## EXERCISE OBJECTIVE
Give again only what runs from the line with "Hintere Differentialbaugruppe 3,15" to the final line of the entries below, exactly as written and without pictures.

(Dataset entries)
- - -
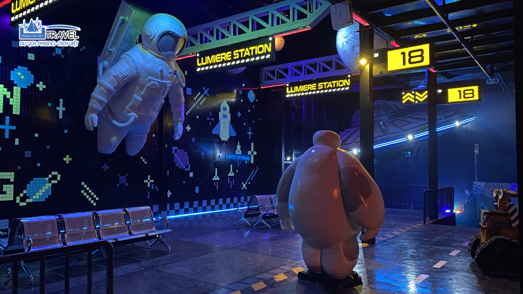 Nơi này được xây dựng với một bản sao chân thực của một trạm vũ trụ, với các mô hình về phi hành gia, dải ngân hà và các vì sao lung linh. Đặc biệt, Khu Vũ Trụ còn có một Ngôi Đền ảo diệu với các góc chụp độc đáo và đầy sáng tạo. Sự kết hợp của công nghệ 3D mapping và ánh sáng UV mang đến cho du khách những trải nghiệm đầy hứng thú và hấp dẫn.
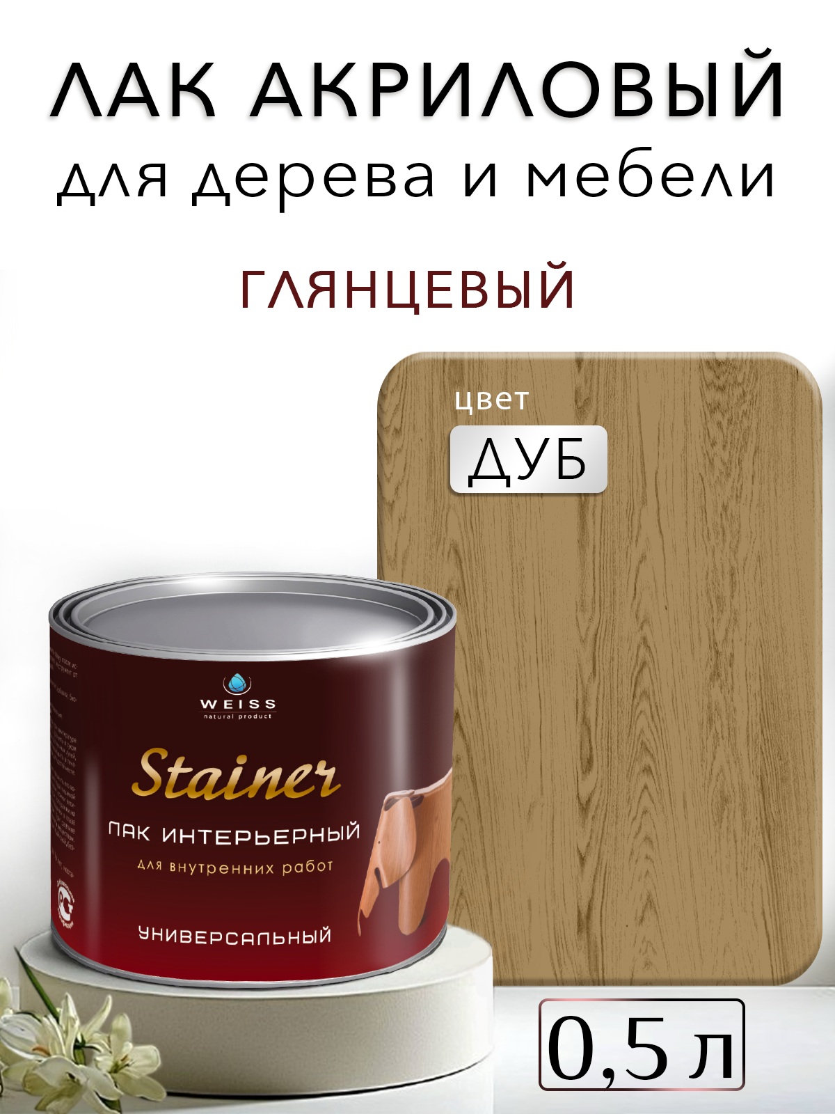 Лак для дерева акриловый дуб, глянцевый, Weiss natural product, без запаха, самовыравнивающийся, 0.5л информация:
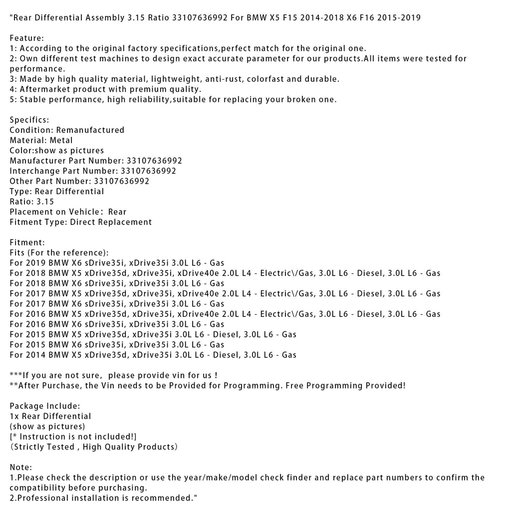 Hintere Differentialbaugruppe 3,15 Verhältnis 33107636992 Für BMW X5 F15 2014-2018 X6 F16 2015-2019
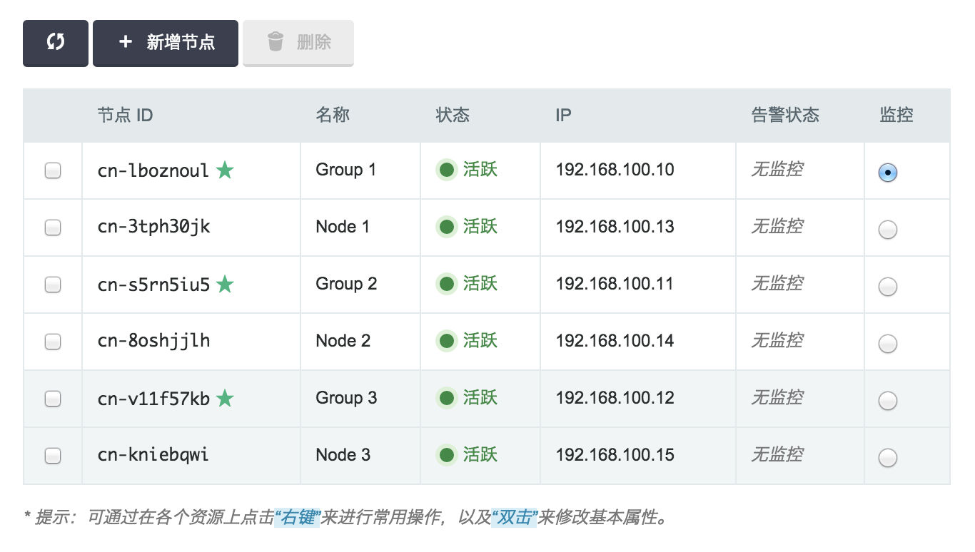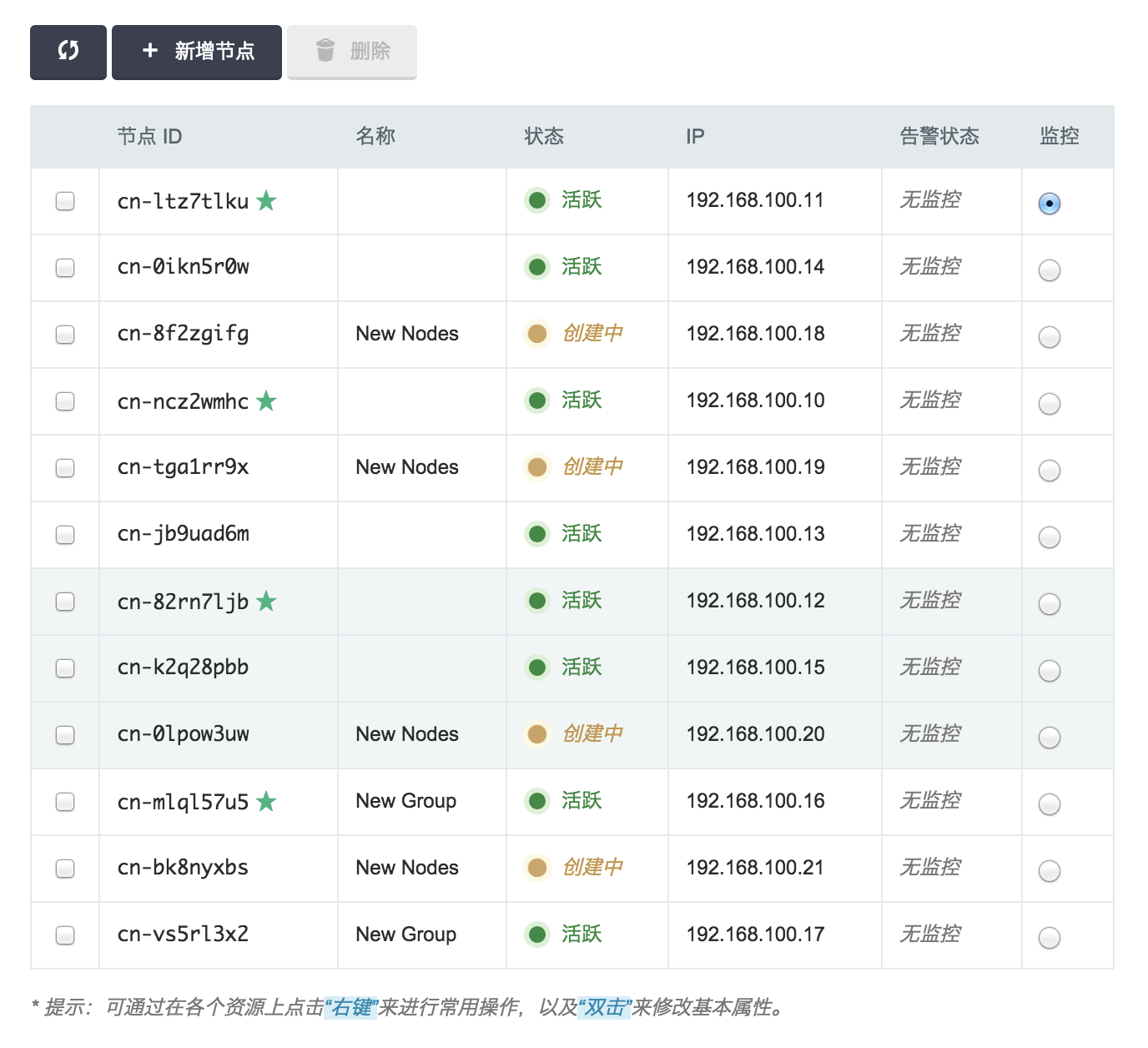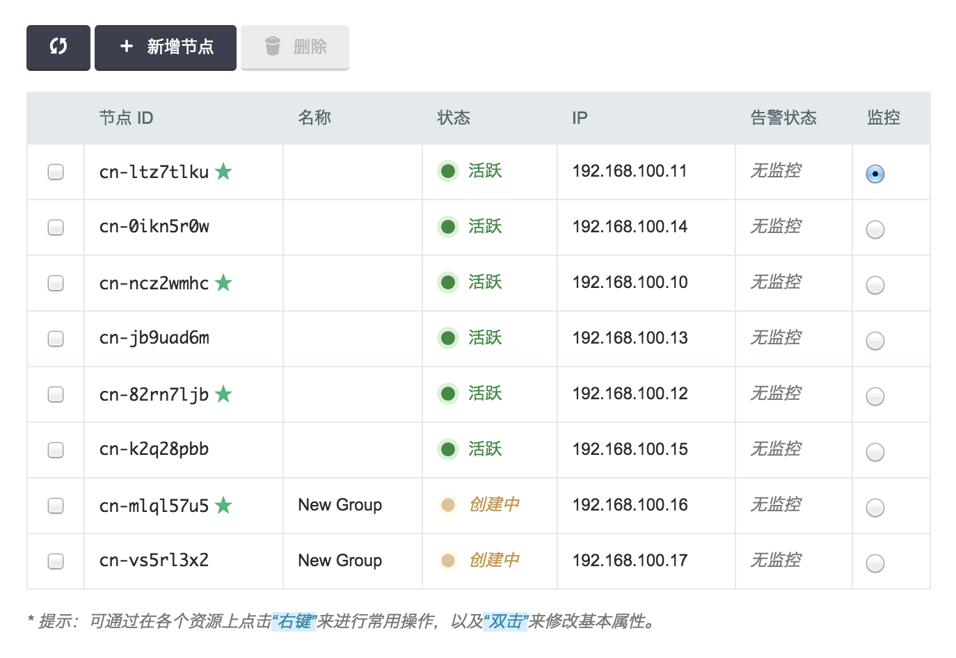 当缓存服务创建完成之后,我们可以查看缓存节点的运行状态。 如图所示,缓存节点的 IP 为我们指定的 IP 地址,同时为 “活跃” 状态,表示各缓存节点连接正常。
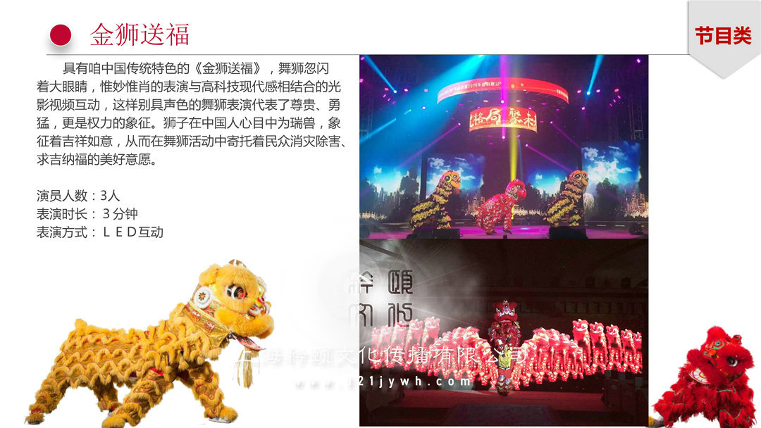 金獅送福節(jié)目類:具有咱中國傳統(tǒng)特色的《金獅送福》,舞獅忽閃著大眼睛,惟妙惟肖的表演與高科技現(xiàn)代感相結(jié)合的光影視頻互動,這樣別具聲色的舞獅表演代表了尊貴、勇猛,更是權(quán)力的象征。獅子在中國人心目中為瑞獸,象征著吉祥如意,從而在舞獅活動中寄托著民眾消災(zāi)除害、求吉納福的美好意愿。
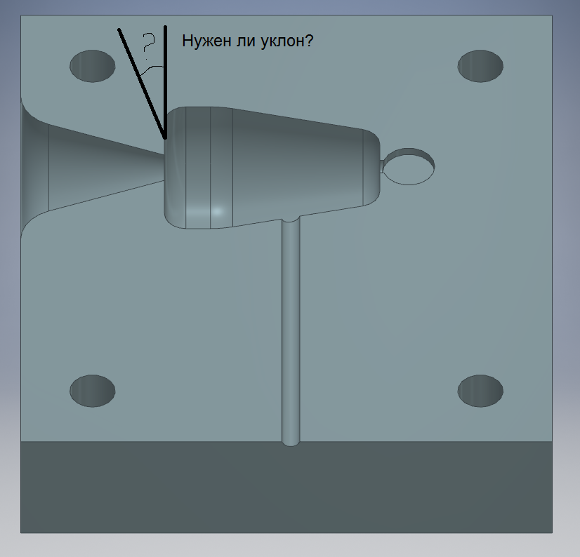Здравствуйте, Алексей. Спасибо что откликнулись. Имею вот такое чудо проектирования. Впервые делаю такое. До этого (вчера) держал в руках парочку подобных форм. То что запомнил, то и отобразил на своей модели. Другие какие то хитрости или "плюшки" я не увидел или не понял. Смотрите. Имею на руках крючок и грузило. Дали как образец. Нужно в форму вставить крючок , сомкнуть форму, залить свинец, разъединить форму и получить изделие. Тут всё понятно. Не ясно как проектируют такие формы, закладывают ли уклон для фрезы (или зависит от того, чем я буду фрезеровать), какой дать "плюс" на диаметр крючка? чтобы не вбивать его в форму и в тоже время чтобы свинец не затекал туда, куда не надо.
- - -
## ANSWER BOX
 Hintere Differentialbaugruppe 3,15 Verhältnis 33107636992 Für BMW X5 F15 2014-2018 X6 F16 2015-2019
 当缓存服务创建完成之后,我们可以查看缓存节点的运行状态。 如图所示,缓存节点的 IP 为我们指定的 IP 地址,同时为 “活跃” 状态,表示各缓存节点连接正常。
 金獅送福節(jié)目類:具有咱中國傳統(tǒng)特色的《金獅送福》,舞獅忽閃著大眼睛,惟妙惟肖的表演與高科技現(xiàn)代感相結(jié)合的光影視頻互動,這樣別具聲色的舞獅表演代表了尊貴、勇猛,更是權(quán)力的象征。獅子在中國人心目中為瑞獸,象征著吉祥如意,從而在舞獅活動中寄托著民眾消災(zāi)除害、求吉納福的美好意愿。
Здравствуйте, Алексей. Спасибо что откликнулись. Имею вот такое чудо проектирования. Впервые делаю такое. До этого (вчера) держал в руках парочку подобных форм. То что запомнил, то и отобразил на своей модели. Другие какие то хитрости или "плюшки" я не увидел или не понял. Смотрите. Имею на руках крючок и грузило. Дали как образец. Нужно в форму вставить крючок , сомкнуть форму, залить свинец, разъединить форму и получить изделие. Тут всё понятно. Не ясно как проектируют такие формы, закладывают ли уклон для фрезы (или зависит от того, чем я буду фрезеровать), какой дать "плюс" на диаметр крючка? чтобы не вбивать его в форму и в тоже время чтобы свинец не затекал туда, куда не надо.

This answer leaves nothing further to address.